## Records for the exercise

+ + + + +

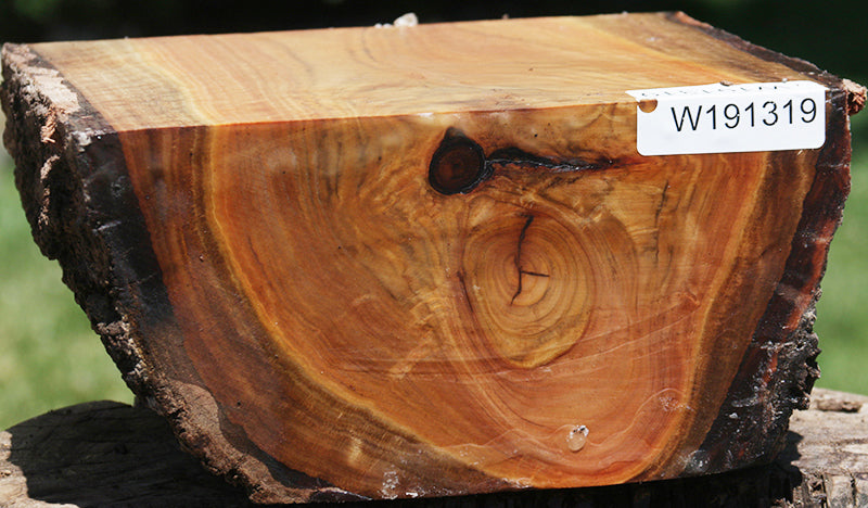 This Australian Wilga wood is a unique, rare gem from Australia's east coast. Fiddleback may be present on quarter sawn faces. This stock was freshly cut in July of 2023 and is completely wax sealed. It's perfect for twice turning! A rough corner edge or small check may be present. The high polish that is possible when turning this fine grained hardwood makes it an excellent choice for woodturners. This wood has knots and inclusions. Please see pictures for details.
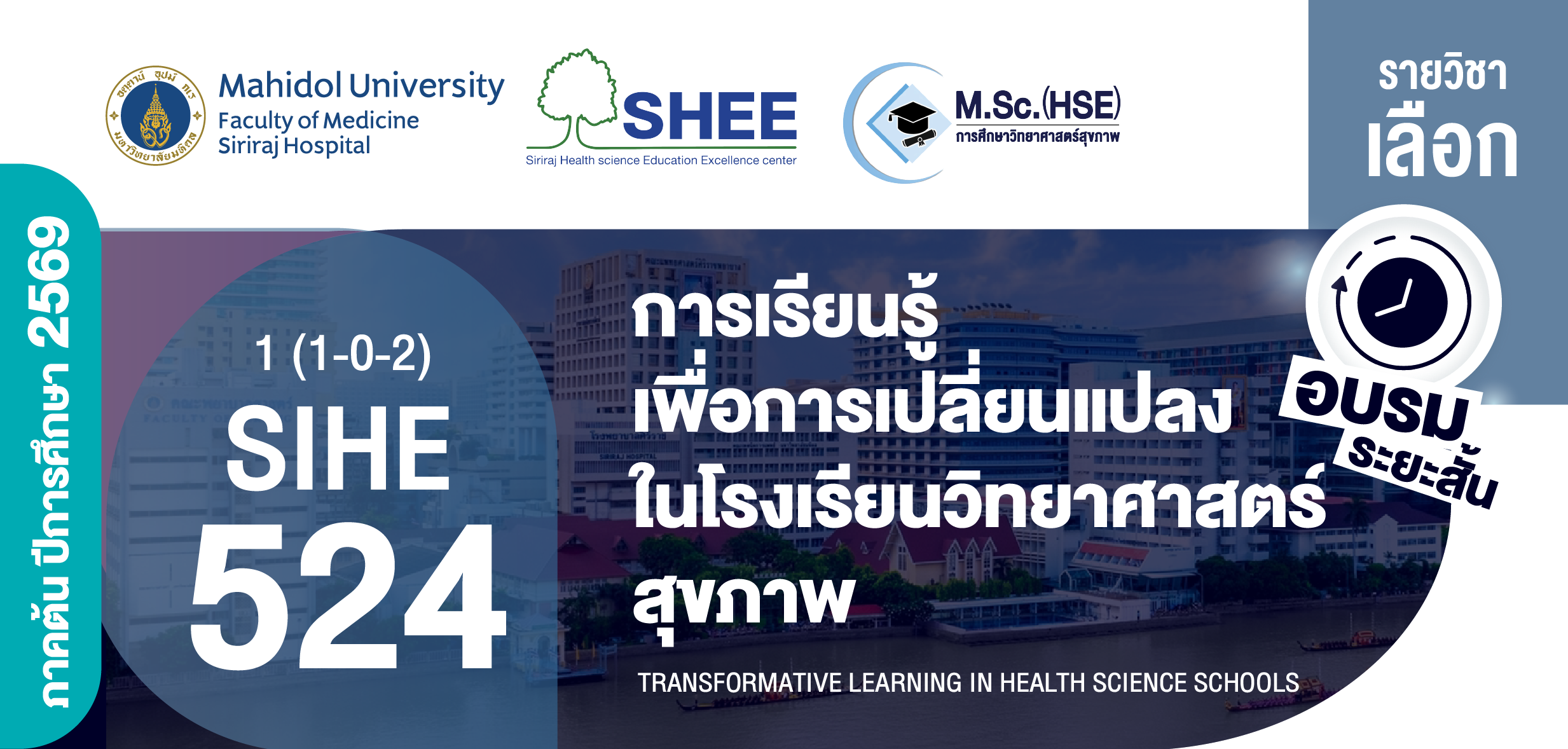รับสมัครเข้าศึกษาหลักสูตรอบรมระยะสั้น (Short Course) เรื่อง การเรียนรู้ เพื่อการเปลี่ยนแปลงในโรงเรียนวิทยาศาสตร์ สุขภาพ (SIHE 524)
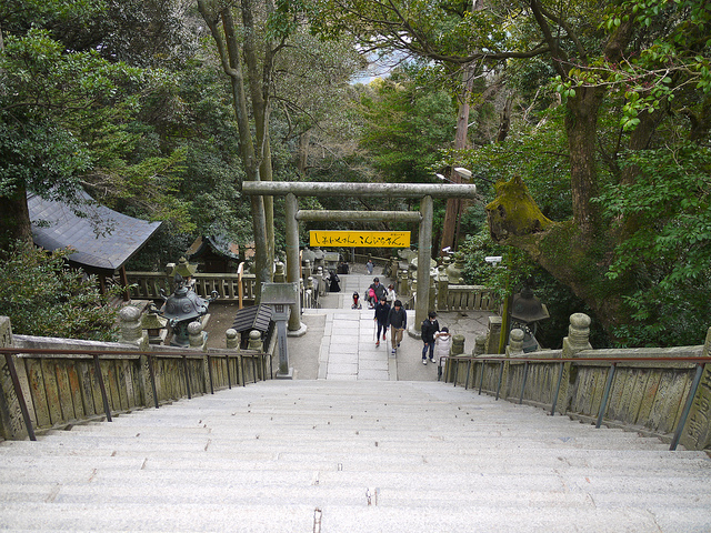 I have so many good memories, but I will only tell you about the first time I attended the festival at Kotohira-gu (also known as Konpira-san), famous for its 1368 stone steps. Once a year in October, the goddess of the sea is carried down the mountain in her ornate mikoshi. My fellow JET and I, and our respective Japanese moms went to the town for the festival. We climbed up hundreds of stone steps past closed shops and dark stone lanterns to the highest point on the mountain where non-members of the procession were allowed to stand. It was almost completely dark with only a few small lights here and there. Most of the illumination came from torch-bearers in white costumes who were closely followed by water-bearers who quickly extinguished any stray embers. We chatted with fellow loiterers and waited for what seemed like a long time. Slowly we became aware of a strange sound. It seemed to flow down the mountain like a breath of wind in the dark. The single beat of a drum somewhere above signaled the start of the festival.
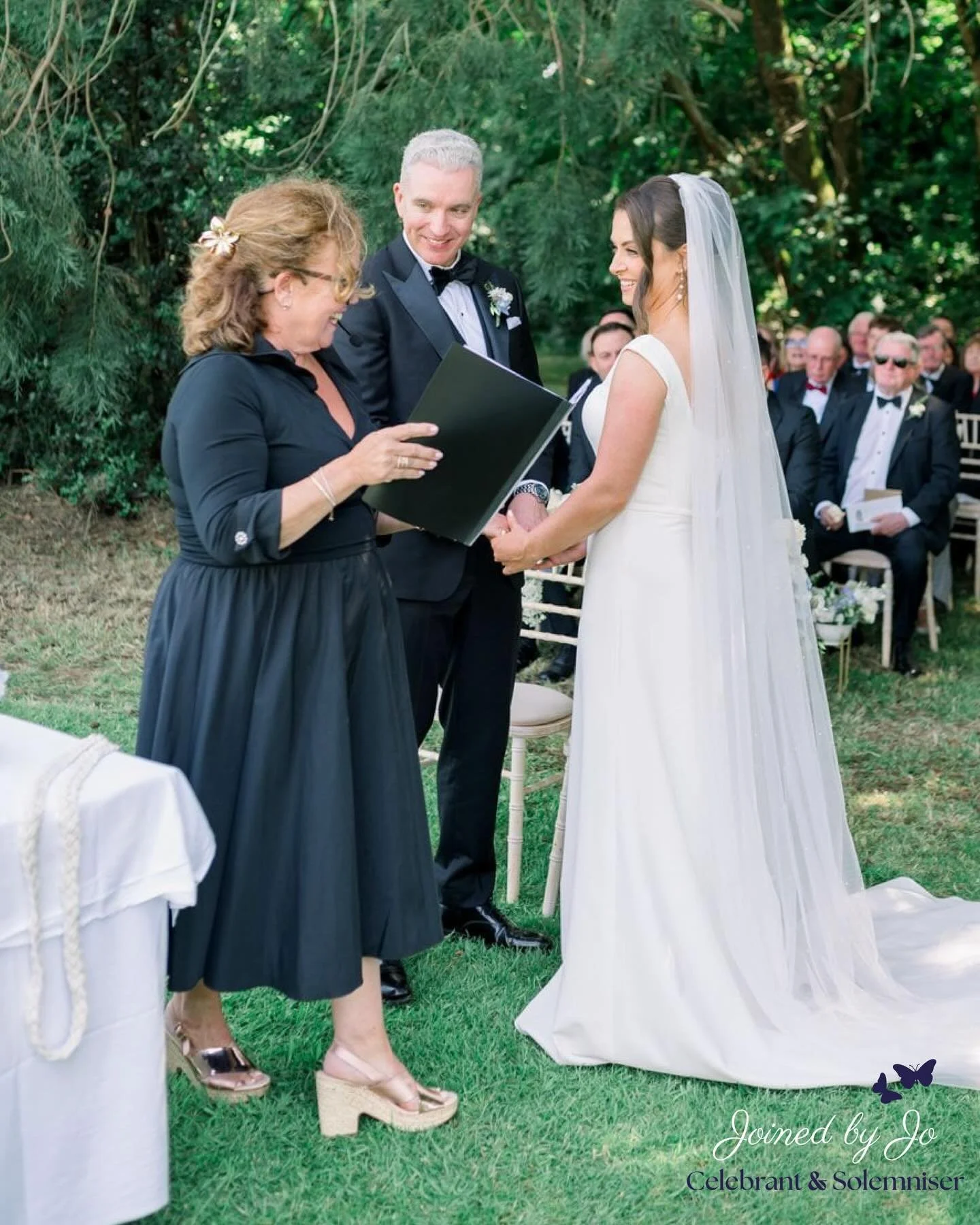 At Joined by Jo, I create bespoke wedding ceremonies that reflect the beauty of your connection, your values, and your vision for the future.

+ + + + +

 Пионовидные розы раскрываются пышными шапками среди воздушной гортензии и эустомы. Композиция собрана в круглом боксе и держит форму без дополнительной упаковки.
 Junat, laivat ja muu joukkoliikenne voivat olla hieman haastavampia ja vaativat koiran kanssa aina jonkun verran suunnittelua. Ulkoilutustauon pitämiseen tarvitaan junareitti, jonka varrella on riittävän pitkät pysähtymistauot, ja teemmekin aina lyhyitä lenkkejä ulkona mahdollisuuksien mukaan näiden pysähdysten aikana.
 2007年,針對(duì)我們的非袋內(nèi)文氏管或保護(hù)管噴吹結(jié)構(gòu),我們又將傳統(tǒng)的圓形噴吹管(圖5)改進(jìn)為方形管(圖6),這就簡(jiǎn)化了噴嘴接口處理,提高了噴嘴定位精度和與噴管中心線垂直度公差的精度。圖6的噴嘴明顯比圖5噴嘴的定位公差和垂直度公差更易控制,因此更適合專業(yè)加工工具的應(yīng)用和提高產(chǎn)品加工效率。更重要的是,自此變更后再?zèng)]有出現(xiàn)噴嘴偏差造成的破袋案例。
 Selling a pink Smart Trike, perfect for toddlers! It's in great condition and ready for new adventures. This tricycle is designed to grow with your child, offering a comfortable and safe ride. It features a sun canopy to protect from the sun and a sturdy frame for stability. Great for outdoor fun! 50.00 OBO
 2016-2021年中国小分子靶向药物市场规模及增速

+ + + + +

## What is needed
From the listing above, the lines starting with the one that has "Selling a pink" and running through the one that has "2016-2021年中国小分子靶向药物市场规模及增速" should be copied exactly, ends included.

## Exercise answer
 Selling a pink Smart Trike, perfect for toddlers! It's in great condition and ready for new adventures. This tricycle is designed to grow with your child, offering a comfortable and safe ride. It features a sun canopy to protect from the sun and a sturdy frame for stability. Great for outdoor fun! 50.00 OBO
 2016-2021年中国小分子靶向药物市场规模及增速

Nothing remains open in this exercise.